I’m part of a graphics team that works on short- and long-term projects and breaking news. Accordingly, we have unique opportunities for graphic presentations. Here are a few examples from news stories. Some are simple, others more complicated.

This is a standing graphic I update whenever North Korea fires off another missile. Every year and missile is accounted for starting in 1984, when Kim Jong Un’s grandfather launched North Korea’s first projectile.

This is a stylized pictograph showing the horrifying survival rate of Africans kidnapped and sold into slavery in the New World. The source is the Smithsonian Institution and this is for our upcoming 1619 project on the first recorded arrival of Africans in the English Colonies.
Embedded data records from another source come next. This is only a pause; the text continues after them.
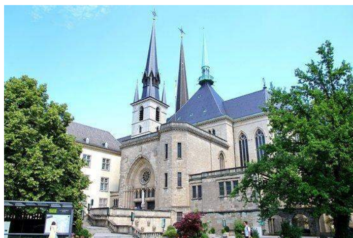
Cattedrale di Notre Dame - Lussemburgo
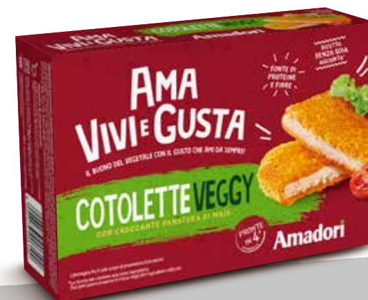
Cotolette Veggy AVG ast sur 220g
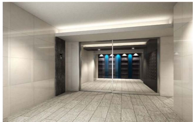
【エントランスホールイメージ】
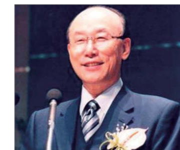
Yonggi Cho Pastor del año

El líder principal del Ministerio MorningStar tomó el papel de árbitro y mentor espiritual de Todd Bentley, quien dejó el ministerio en el 2008, tras el escándalo a raíz del divorcio con su primera esposa. En el video de la entrevista que Rick Joyner tuvo con Todd y su nueva esposa, él trató de demostrar la raíz del problema que sucedió con el joven ministro y enseñar a otros cristianos a escapar de tales problemas en el futuro.
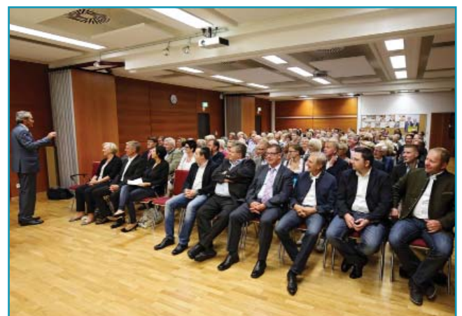
Und alle Anderen, die sich gerne um Sie bemühen werden.
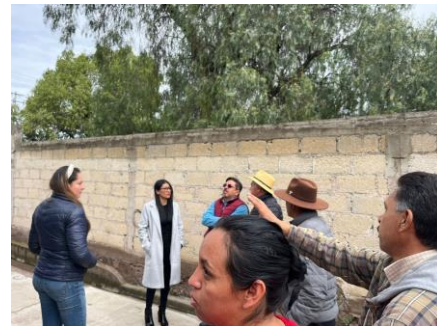
Audiencia pública en colonias del municipio de Tepeapulco.
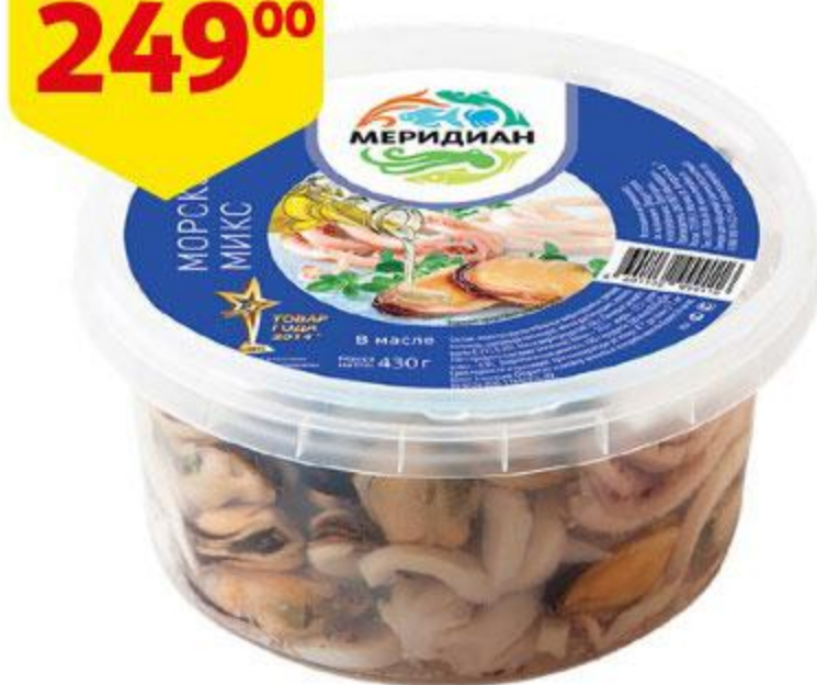
Коктейль из морепродуктов МЕРИДИАН Морской микс в масле, 430 г
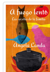
A FUEGO LENTO LANDA APARICIO, ÁNGELA
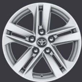
Llantas de aleación 16" Estándar en acabados Business Plus y Active Tech
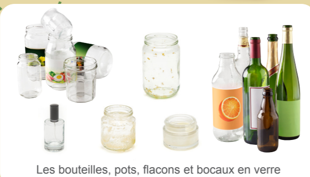
Les bouteilles, pots, flacons et bocaux en verre
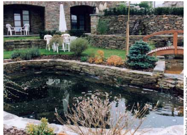
Rochehaut, Hotel "Auberge de la ferme"

Auskünfte über Sondergrößen und praktische Ratschläge zum Verlegen und Unterhalt sind beim Produzenten direkt erhältlich.
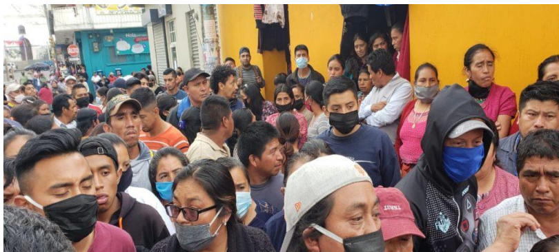
Imagen 3. Protesta de vendedores frente a la Municipalidad de San Pedro Sacatepequez, San Marcos, por traslado de plaza al costado del estadio municipal.
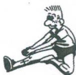
Alongamento da coxa sentado
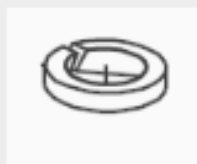
22 BONCPPBP-076 Conjunto de tornillo de ajuste Adjusting screw assy
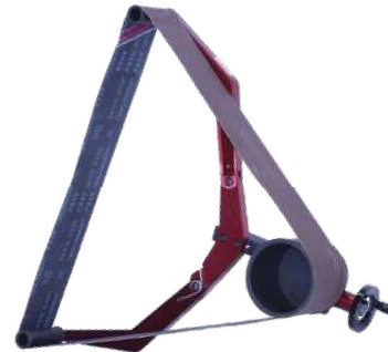
MST-SBH 4.0 EX
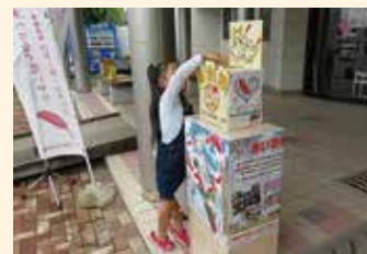
街頭募金活動(道の駅とよとみ)

中央市支会に寄せられた共同募金は、山梨県共同募金会へ集約されて、中央市及び山梨県内の地域福祉活動に役立てられます。また、募金の一部を準備金として蓄え、大規模災害が発生した際に、ボランティアセンターの運営等に役立てられます。中央市での募金の使いみちは、山梨県共同募金会のホームページ並びに、後日、社協だより「ぬくぬく」にて報告させていただきます。
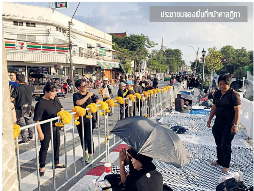
ประชาชนจองพื้นที่หน้าศาลฎีกา
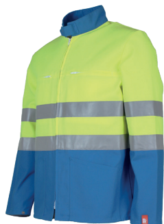
Jaune Fluo/ Azur 13
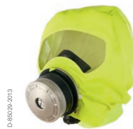
Dräger PARAT® 5500 Brandfluchthaube

Wechseln Sie nach 8 Jahren den Filter, erhöht sich die Lebensdauer auf insgesamt 16 Jahre. Dies bietet Ihnen auf lange Sicht eine große Kostenersparnis. Der Filter lässt sich nach entsprechendem Training sehr einfach eigenhändig wechseln.
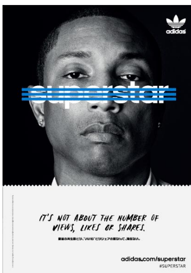
ファレル・ウィリアムス
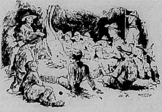
JAMBURI - Um "Fogo do Conselho" numa das tropas escoteiras acampadas
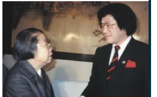
1985年，政協主席鄧穎超接見黃錦波。
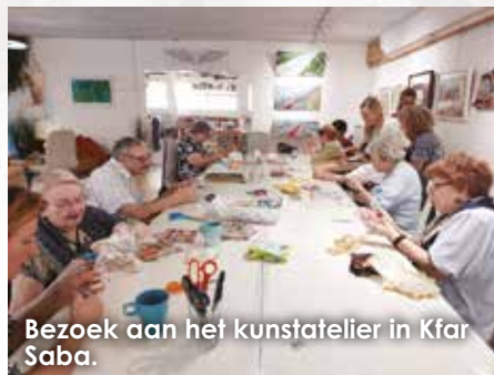
Bezoek aan het kunstatelier in Kfar Saba.
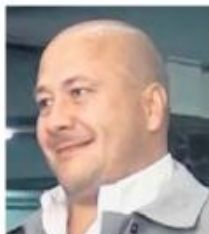
Enrique Alfaro, gobernador del Estado.

El alcalde tapatío añadió que "Manuelita" permitirá a sus visitantes conocer un poco más de la historia de la ciudad.
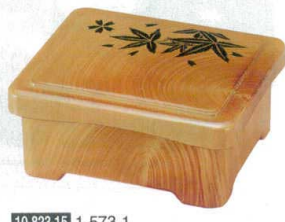
10-823-15 1-573-1 A 象足井重 花梨春秋内朱塗 ¥2,700 (16.8×14.3×7.6) 櫃60
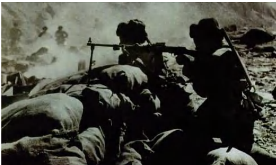
图 1-16 中印边境自卫反击战中的解放军

新中国成立后，中国人民志愿军与朝鲜人民并肩作战，打败了以美国为首的“联合国”军队。此外，中国人民解放军在1962年中印边境自卫反击战（图1-16）、1969年珍宝岛自卫反击战、1974年西沙海战、1979年对越自卫反击战和1988年南沙海战等作战中都取得了胜利，有力地捍卫了国家主权、领土完整，为国家的建设和发展提供了安全保障。
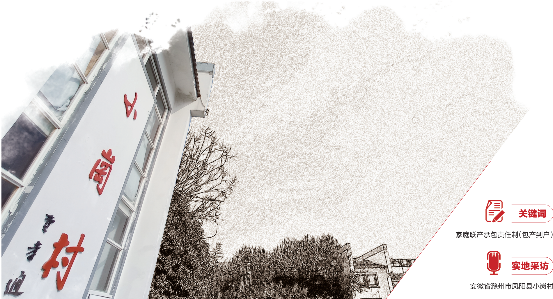
小岗村在中国改革开放史上留下了深刻的印记。
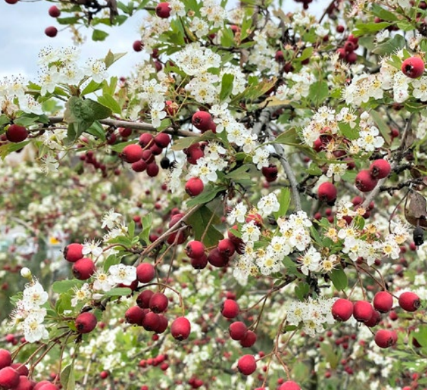
Hloh zmatený klimatem: květy a plody na keři zároveň.

Výsledkem je, že v jedné oblasti je horko a sucho a v jiných se po delší dobu vyskytují přívalové deště. Sušší je dokonce i zima, která dříve spolehlivě přinášela srážky v podobě sněhu. Celkově vzato lze ve střední a také v jižní Evropě pozorovat ve všech ročních obdobích silnou tendenci k poklesu srážek.
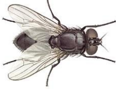
25. இலையான் (ஈ)
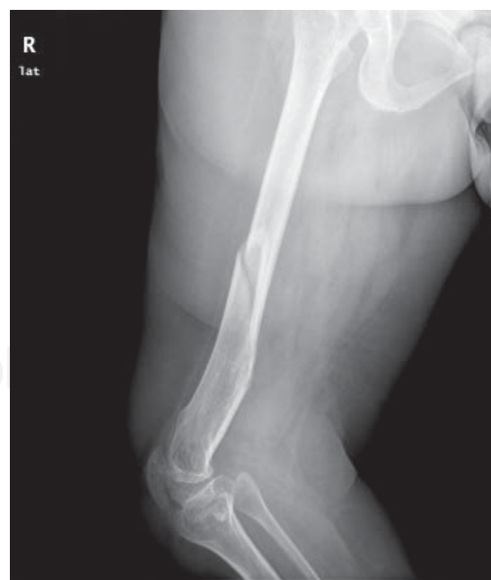
Figura 2. Proyección lateral del fémur con la deformidad asociada del extremo distal.
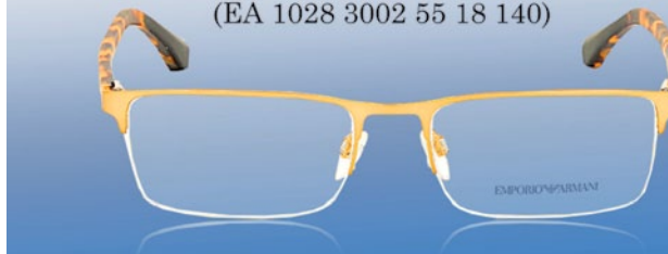
Оправа Emporio Armani (EA 1028 3002 55 18 140)

ВСЕ ОПРАВЫ, ИЛЛЮСТРАЦИИ КОТОРЫХ ИСПОЛЬЗОВАНЫ В ДАННОЙ СТАТЬЕ, ДОСТУПНЫ В ОПТИКЕ «СЧАСТЛИВЫЙ ВЗГЛЯД».
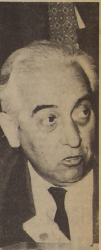
RAFAEL AGUSTIN GUMUCIO denunció en el Senado los intentos reaccionarios de impedir una investigación a fondo. "¿Qué teme la Derecha para asustarse por la investigación del complot de la ITT y la CIA?"

ción dejaban la impresión de que había sectores que pretendían impedir una investigación a fondo. Más adelante señaló el senador Gumucio, "nadie aquí ha adelantado juicios respecto a los nombres de políticos que han estado mezclados en este complot. Y sí de la investigación salen nombres, nosotros nos reservamos el derecho de enjuiciarlos a su debido tiempo."
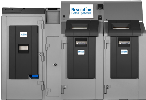
Paragon 3SE/4SE Dual Coffre de Dépôt
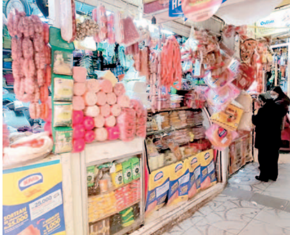
Instan a comerciantes a no abandonar sus puestos de venta

Según Pally, dentro del mercado Bartolina Sisa, que cuenta con casi 200 puestos de venta, de los
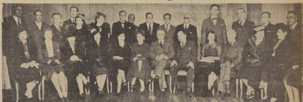
Asistentes a la comida ofrecida anoche por un grupo de intelectuales en honor del escritor argentino Manuel Ugarte.
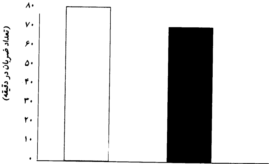
نمودار ۲- میانگین ضربان قلب زمان استراحت پیش آزمون و پس آزمون
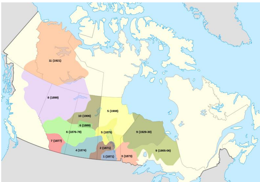
Příloha 3. – Mapa Číslovaných smluv
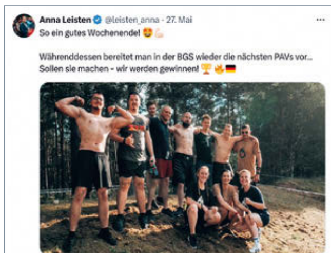
JA Brandenburg nach einem Hindernislauf 2024. Screenshot.

Mit einer auf Medienaufmerksamkeit zielenden Aktion, wie sie zuvor Markenzeichen der „Identitären Bewegung“ waren, sorgte die JA im Juni 2023 für Aufmerksamkeit. Eine neunköpfige Gruppe um den Landesvorstand posierte dafür an einem Gebäude der Universität Potsdam, dem Nordflügel der Communs des Neuen Palais, mit einer Deutschlandfahne und Fahnen der JA (Leisten 2023d). Anlass war der von rechtsextremen Netzakteuren ins Leben gerufene „Stolzmonat“, der als Gegenantwort auf den für LGBTQ-Rechte werbenden „Pride Month“ konzipiert ist (Amadeu Antonio Stiftung 2023).
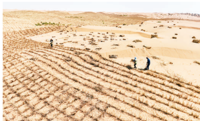
工人在腾格里沙漠扎制被誉为“治沙魔方”的麦草方格。
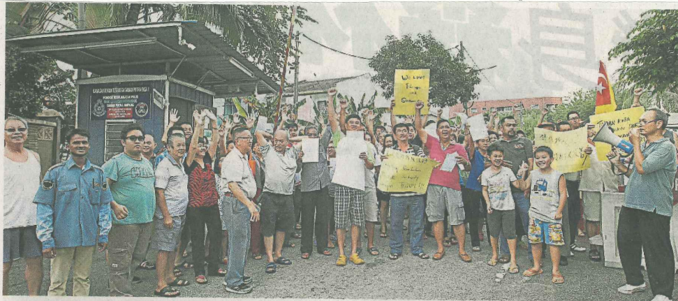
▲逾200名安邦丽华镇居民希望保留保安亭，以保卫家园治安。
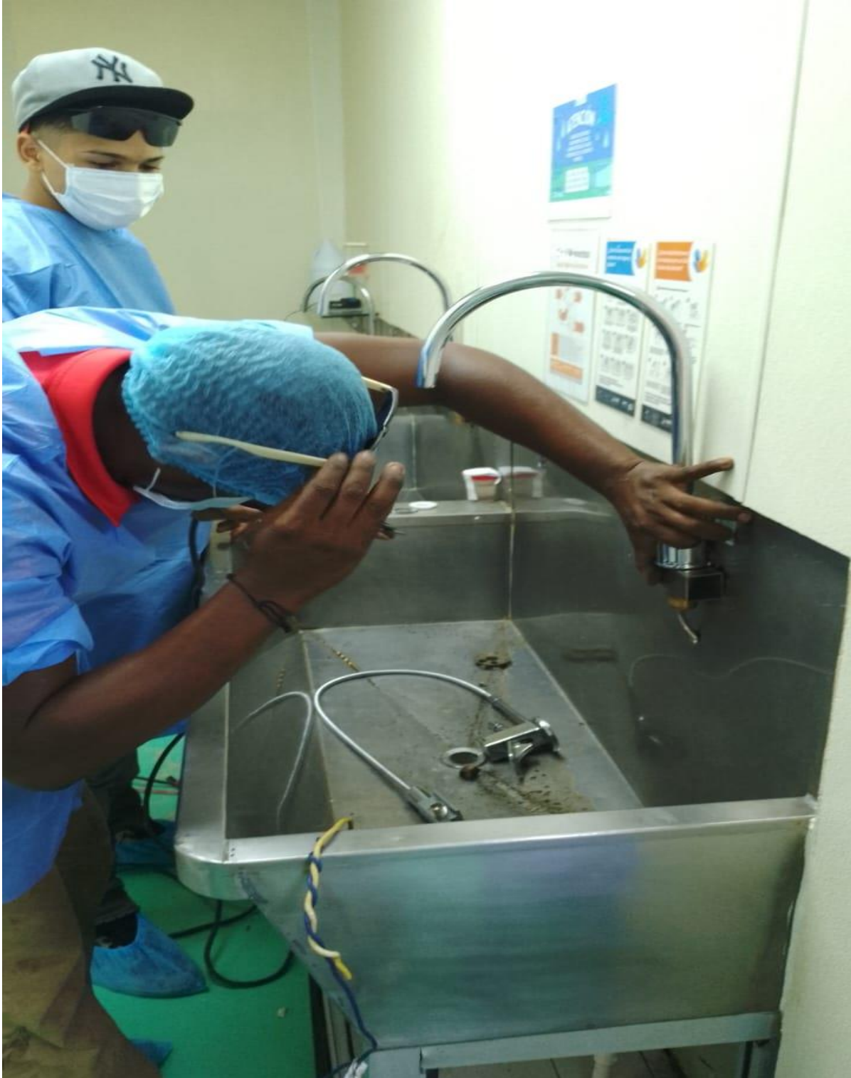
Cambio de llaves de algunas áreas (Durante)
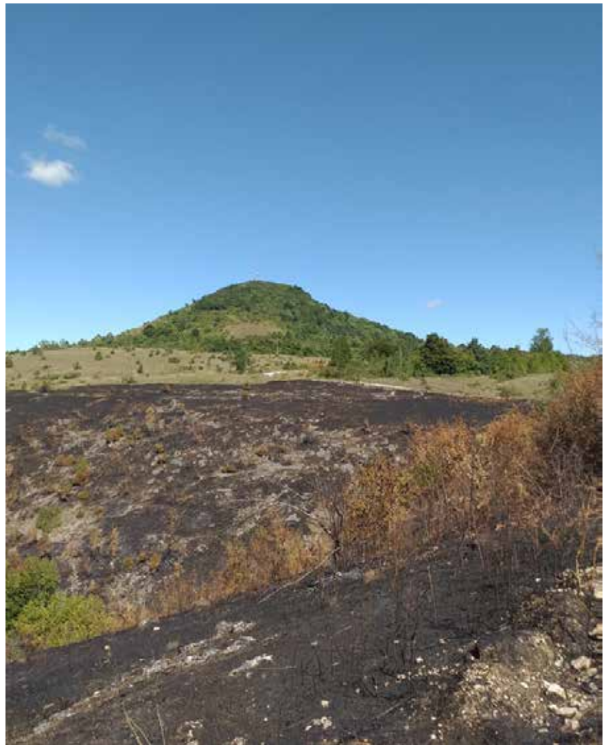
Брдо Виторога, које представља заштитни знак Подгрмеча, на шта су Миљевчани посебно поносни јер наткриљује њихово село. Ово брдо има велики историјски значај, јер је у свим ослободилачко-отаџбинским ратовима представљало одбрамбени бедем. Ту су успостављани први устанички фронтови да би се спрјечио продор непријатеља на подгрмечку слободну територију. Због таквог геостратешког положаја историчари су Виторогу назвали “ВРАТА ПОДГРМЕЧА”.

Кола су се управо приближавала одредишту, кад се иза кри-
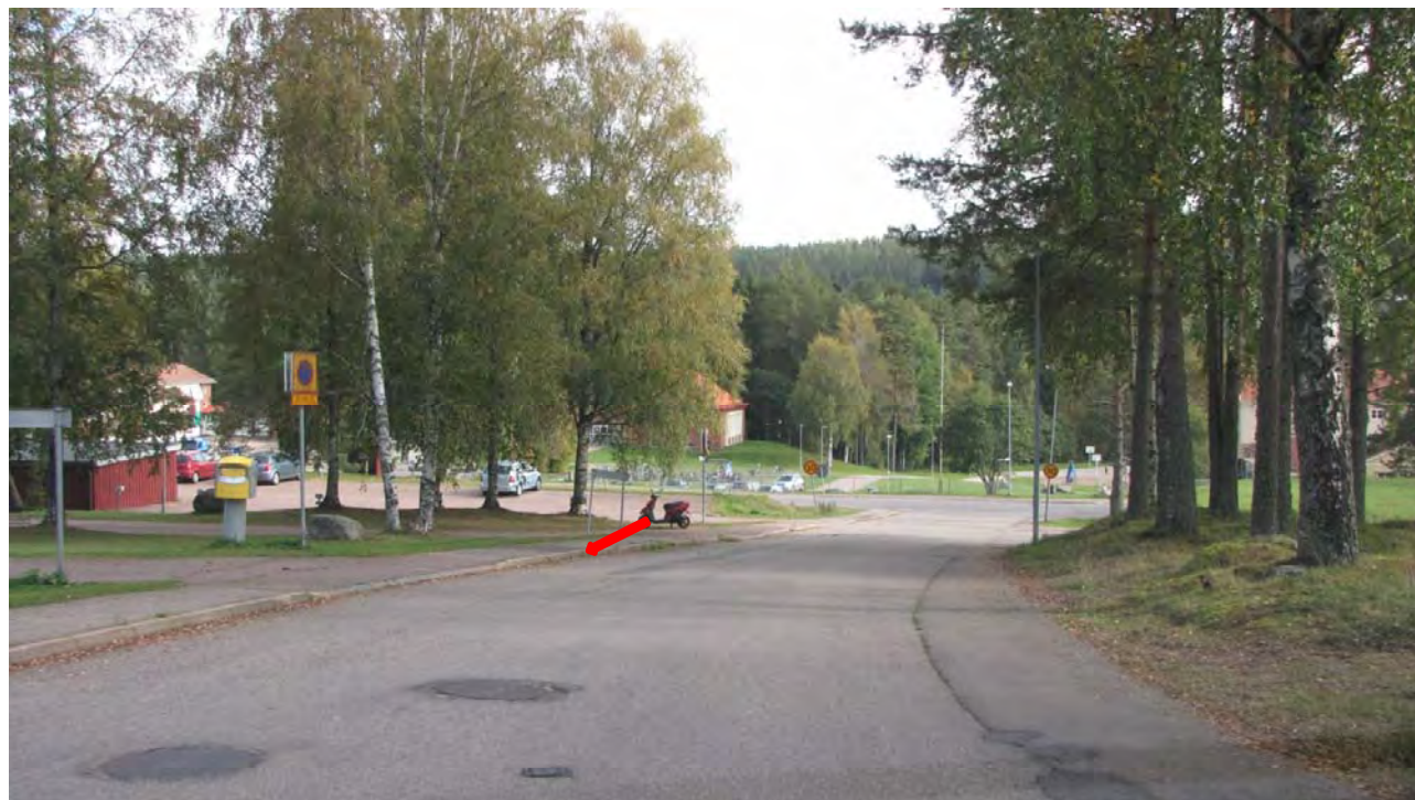
Vid pilens plats går bilen upp på trottoaren och fortsätter på den ner till Skolgatan.

This chart shows changes in credit card interest rates and how they fluctuated during the 2008 recession and subsequent changes in Federal Reserve interest rates.

We used the classic 1933 movie version of King Kong to demonstrate how skyscrapers in foreign countries tower over those in the U.S. My colleague Jim Sergent came up with the idea.
The movie does not depict Kong climbing the entire height of the Empire State Building, but it does show him going up the 200-ft. high mooring mast. I ran that particular clip on YouTube over and over, timed it, calculated his overall ascent rate, and applied it to the Burj Khalifa in the United Arab Emirates to give readers an amusing and memorable idea of that tower’s height.
Ramon Padilla did a wonderful job of illustrating the concept. A link to the story and interactive is here.

The recent Senate confirmation of Supreme Court associate justice Brett Kavanaugh was one of the most contentious in the court’s history. This chart compares vote totals and gives historical perspective to the Kavanaugh confirmation.